Translation:You are neither picking berries nor fishing.

July 10, 2020



So am I getting this right there's expressions in finnish where sth that literally translates to "being in the berry" can function as a verb, even though there's actual verbs for that (marjastaa ; onkia/kalastaa ?). Anyone have more examples of this kind of thing that would just be a bit weird for non-natives? Would love to hear more examples


"Marjassa", "kalassa", and "sienessä" are the three main ones. You can also be specific about exactly what kind of berry is being picked, but not about mushrooms or fish.

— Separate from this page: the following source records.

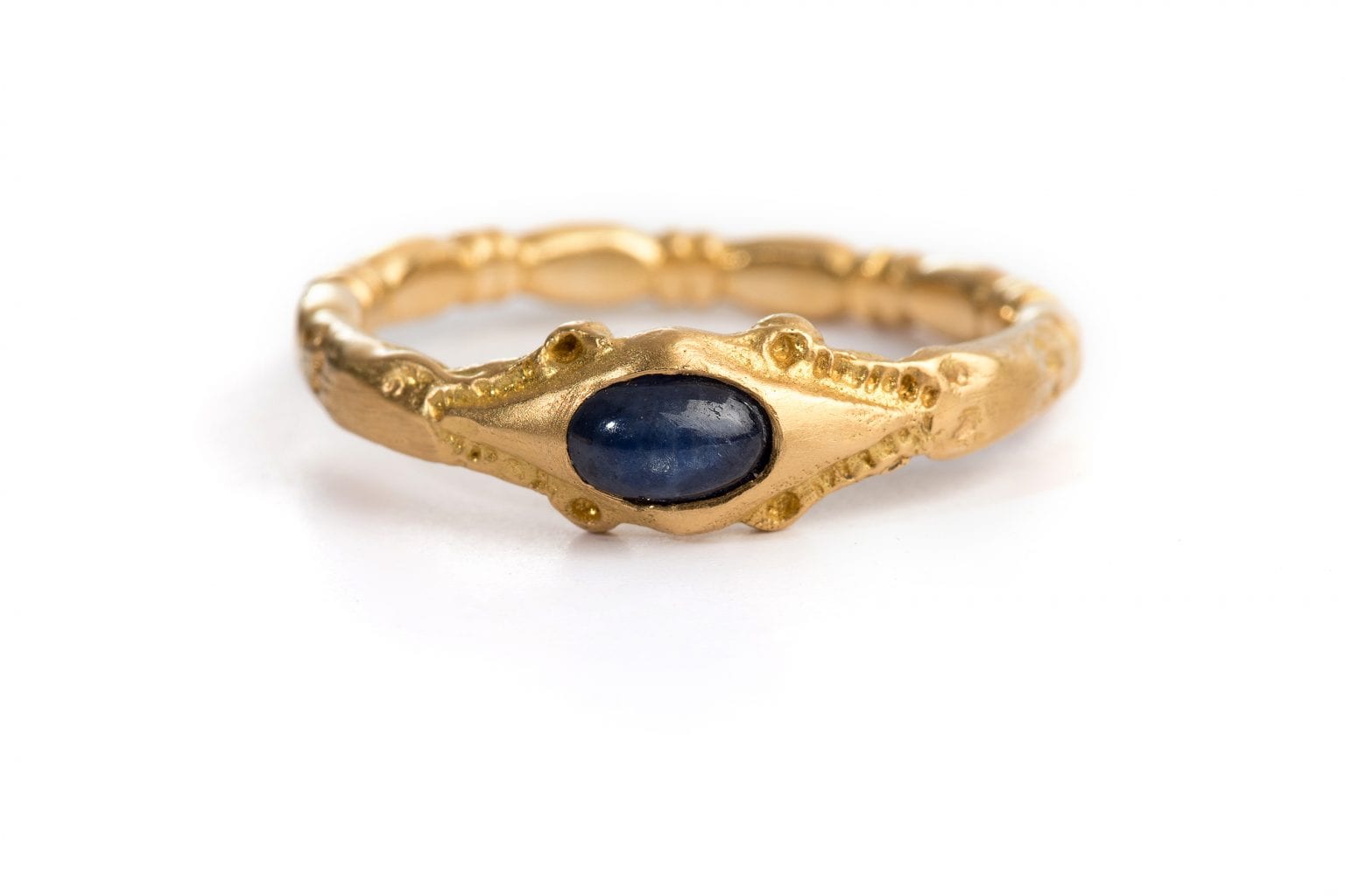 טבעת אן לוקחת אותנו אחורה בזמן למצריים העתיקה במראה הגולמי שלה ובעבודת הזהב שנעשתה עליה בעבודת יד מוקפדת ומדוייקת בסטודיו שלנו.  הטבעת משובצת במרכזה בספיר כחול בחיתוך קבוצון אובלי. זו טבעת מיוחדת במינה, יפהיפיה ומתאימה גם בתור טבעת לזרת.
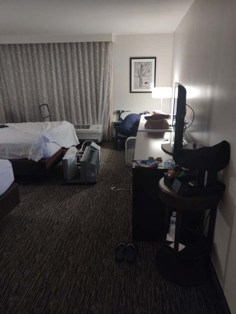Ok so, even in the time of Covid, we have to leave. It’s over 110 everywhere. I get two rooms at what should be a nice place in Scottsdale. The McCormick Scottsdale. They have a “staycation” offer on their website. Stay 24 hour period, check in flexible. I talk to the girl, tell her the need to leave, special needs elderly, adjoining rooms, yes, please, a Lake view. Seeing water after the year of locked in a desert home, sounds nice. Girl says 11 am, at least one room ready,
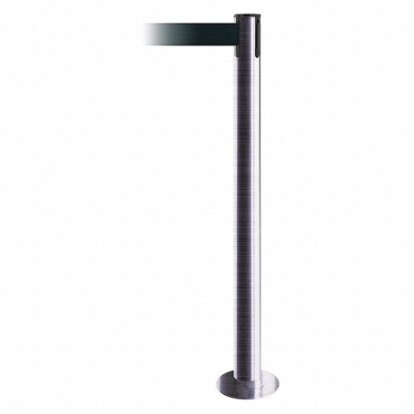 TENSABARRIER 889F-1S-1S-STD-NO-G7X-C Fixed Barrier Post With Belt, Steel, Satin Chrome, 36 1/2 Inch Post Height, Flange

Ah alright thanks! I somehow thought this might be a more widespread thing affecting non-nature related activities as well. I think Saunassa would also be on that list then :))

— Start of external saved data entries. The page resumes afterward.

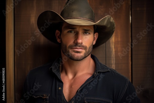 Portrait of a satisfied man in his 30s wearing a rugged cowboy hat against a rustic wooden wall. AI Generation
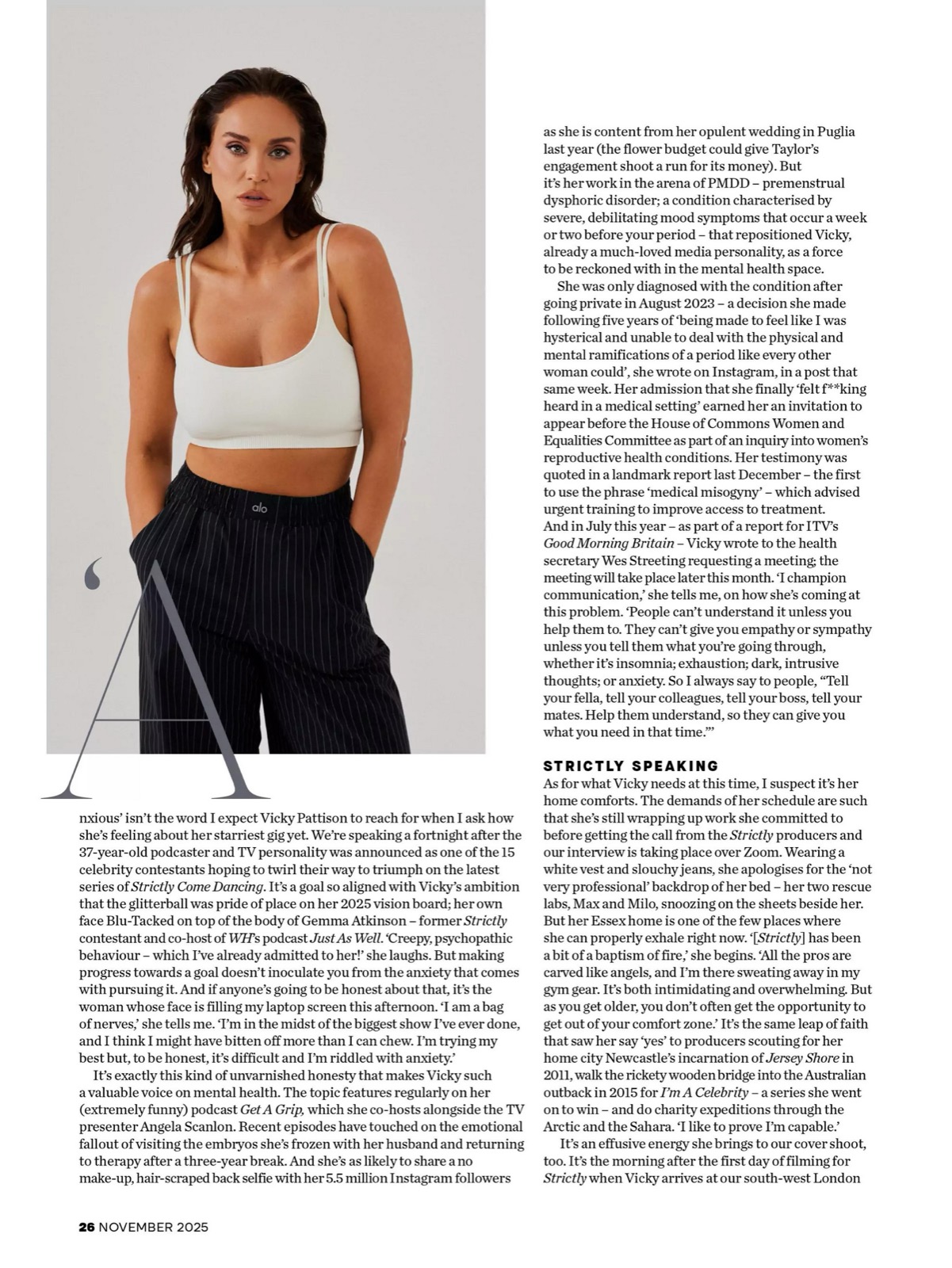 En une de Women’s Health UK, Vicky Pattison redéfinit la force tranquille : pull moelleux, regard brûlant, et posture de reine zen prête à dompter ses démons comme ses followers.
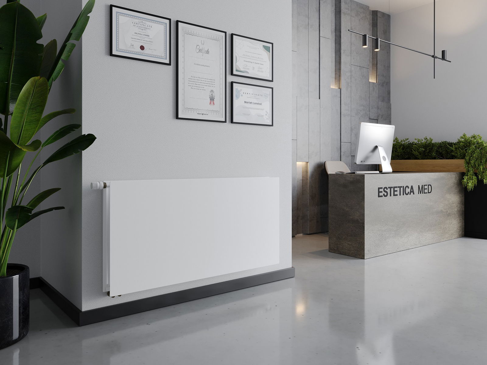 The product is designed with maintaining the highest standards of cleanliness and hygiene in mind. Due to the lack of side panels and a top grill cover, this type of radiator is particularly recommended for places where cleanliness is a priority, such as hospitals, doctor's offices, preschools, or other public facilities.
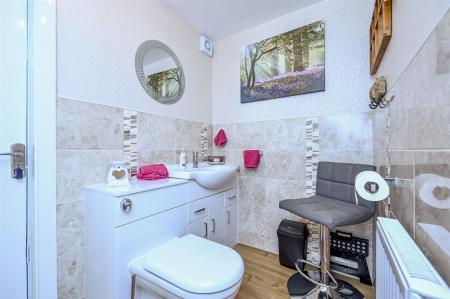 Cloakroom - low level w.c, wash hand basin in vanity unit, laminate floor covering, part tiled walls, radiator, door to garage
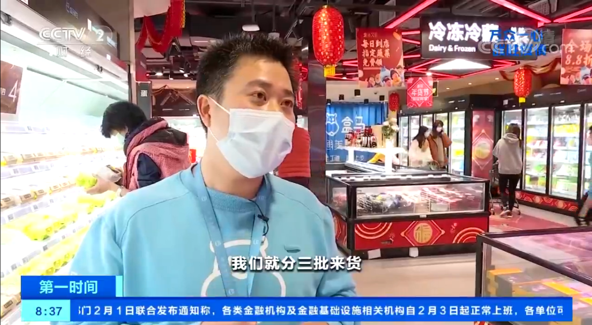 “排面要整理一下?!眮碜院钡溺娞炱绞呛旭R鮮生超市員工,他告訴記者,春節(jié)前,因為陸續(xù)看到疫情的消息,他和愛人取消了返鄉(xiāng)的車票,但這也是他這么多年來所經(jīng)歷的,最不尋常的一個。初一初二休息的鐘天平,大年初三就碰上了搶購?!邦櫩团砰L隊,從9點鐘排隊排到1點鐘左右,貨架上的蔬菜、肉以及禽蛋奶,甚至是油米面都被一掃而空?!?/p>
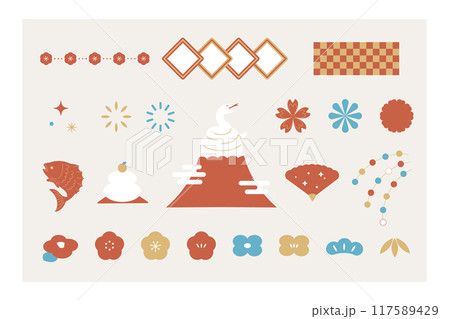水彩風格,新年插畫素材。用於新年賀卡等。矢量材料。
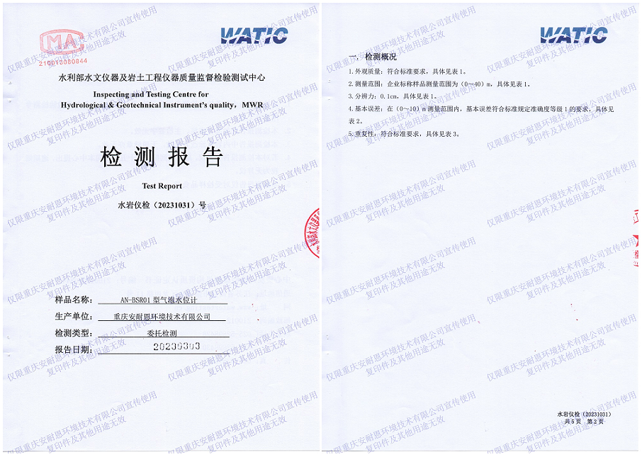 AN-BSR01型氣泡式水位計具有高精度、高可靠、高智能、免氣瓶、免測井、免維護、抗振動、壽命長的特點,特別適用于流動水體、大中小河流、水庫、或者水體污染嚴重和腐蝕性強的工業廢水等不便建測井或建井昂貴的場合,如:水利水文、大壩上下游、海洋、地下水水位、石油、化工、污水處理廠、城市排水泵站等監測。
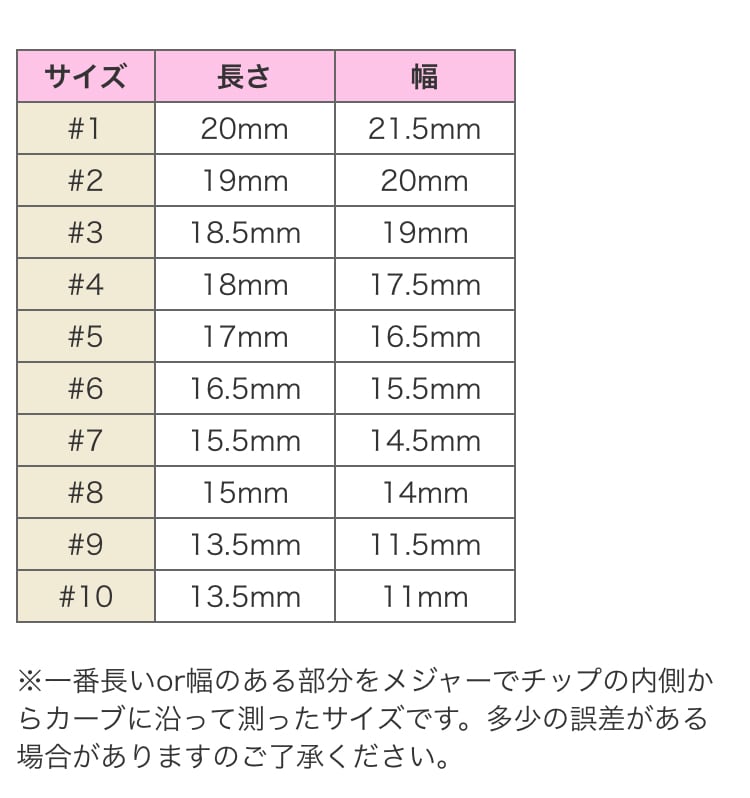 ①ご自身で爪の幅を測っていただく方法 ネイルチップサイズ指定【あり】を選択します。 やわらかいメジャーなどを使って測るか、セロハンテープを爪の上に貼り、印をつけてその長さを物差しで測りサイズ表を参考に番号をご記入下さい。 ②サンプルを取り寄せて測っていただく方法 ネイルチップサイズ指定【なし】を選択し、商品をカートに入れます。 別売りのサンプル(¥110)も一緒にカートへ入れ、そのままご購入手続きを行ってください。サンプルがご自宅に届きましたら実際に爪へのせてサイズをご確認下さいませ。 サイズ番号が分かりましたら指定されたアドレスへご連絡ください。

Come to think of it, there a number of other non-nature related activities using the inessive case in a non-literal way, such as "käydä uimassa" (go swimming), "käydä syömässä" (go eat something), "käydä tanssimassa" (go dancing), and whatever else I'm too lazy to list. There are also a bunch of others that use adessive instead, such as "käydä ajelulla" (go for a drive), "käydä ostoksilla" (go shopping) and "käydä kävelyllä" (go for a walk).


Yes, as well as "suihkussa". I reckon those are not so idiomatic since you literally go in them.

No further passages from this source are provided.